**Aim of the exercise**
From the entries below, print exactly the span beginning with the line holding "- PREMIUM SEWING" and ending with the line holding "Карта памяти Digma", endpoints included, and skip any pictures.

**Data records**
══════════════════════════════
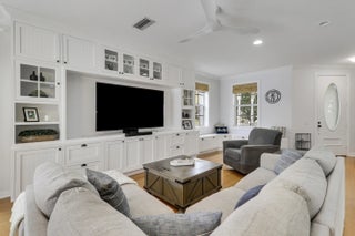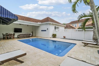 Come see this immaculate 3 bedroom + den (with a murphy bed), 2.5 updated bath pool home situated on a corner lot in the lovely New Haven subdivision of Abacoa. This open concept floorplan is perfect for both daily living as well as entertaining. The extended gourmet kitchen features quartz countertops, subway tiled backsplash, stainless steel appliances and a spacious pantry. Additional home features and upgrades include a newly fenced private backyard oasis featuring a covered patio and a tranquil newly resurfaced and retiled heated salt water swimming pool surrounded by a new travertine paver patio and turf, crown molding and chair rails throughout, a freshly painted interior welcoming covered front porch, full hurricane protection with accordion shutters throughout, a built in wall unit in the family/great room, hardwood flooring, plantation shutters, a spacious primary suite on the upstairs level with 2 walk in closets as well as an ensuite with dual sinks, a separate shower and separate soaking tub, a main level laundry room with newer Samsung washer and dryer, a 2 car garage with a double parking pad and more....Lennox Central AC (2021), pool heater (2020), roof (2019) and kitchen appliances (2019).
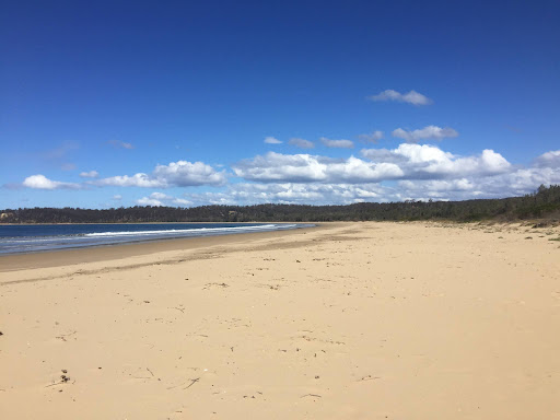 Beautiful quiet beach with gentle waves, river mouth, rocks for exploring and views across to Eden. Almost untouched and not crowded too much. Caravan parks back onto beach and Seahorse Inn looks over the beach at...
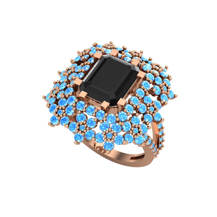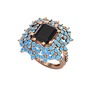 Siyah zirkon ve akuamarin 925 ayar rose altın kaplama gümüş yüzük
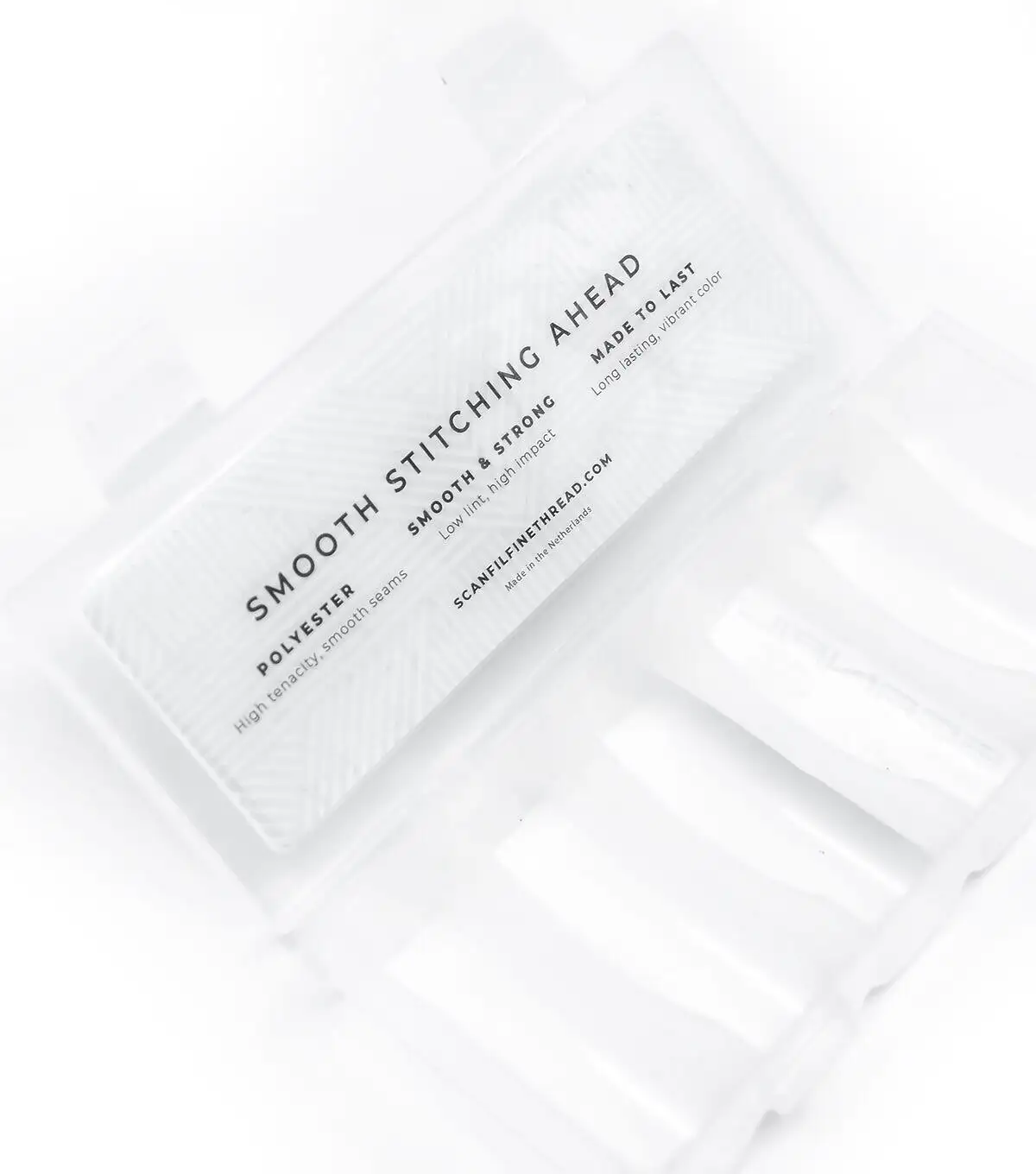 - PREMIUM SEWING THREAD: SCANFIL All Purpose Sewing thread is premium quality 100% Polyester No. 100 thread produced with high tenacity fiber and 500 yards precision wound on high performance European cross wound spools. Very low in lint, UV resistant and color fast. This translates into a hassle free sewing experience, smooth and strong seams that are made to last wash after wash.
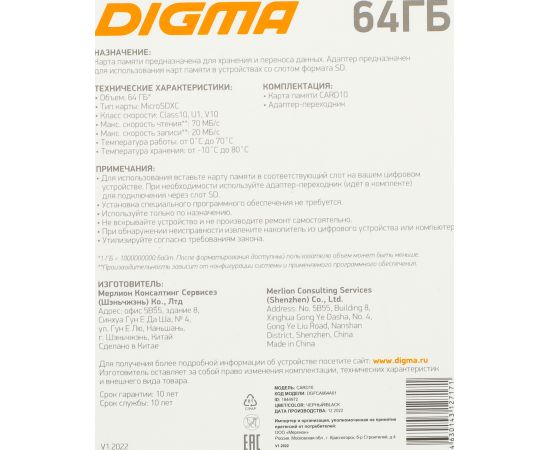 Карта памяти Digma Card10 (DGFCA064A01) microSDXC 64Gb Class10 + adapter
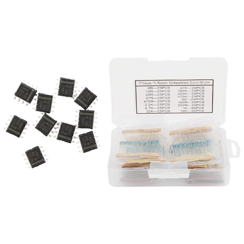 10 шт. 8-контактный IC таймер SMD NE555 с 525 шт. 1/4 Вт пленочные резисторы 0R 10R 20R 47R 22K 470R 100K 1M металлическая пленка
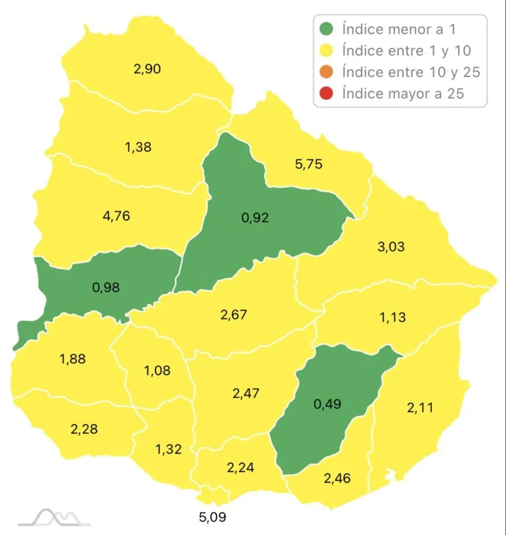 En el índice de Harvard Flores subió a riesgo amarillo y ahora se ubica en ese nivel junto a otros 15 departamentos. En tanto, Tacuarembó, Río Negro y Lavalleja está en verde.
══════════════════════════════
**Answer space**
 - PREMIUM SEWING THREAD: SCANFIL All Purpose Sewing thread is premium quality 100% Polyester No. 100 thread produced with high tenacity fiber and 500 yards precision wound on high performance European cross wound spools. Very low in lint, UV resistant and color fast. This translates into a hassle free sewing experience, smooth and strong seams that are made to last wash after wash.
 Карта памяти Digma Card10 (DGFCA064A01) microSDXC 64Gb Class10 + adapter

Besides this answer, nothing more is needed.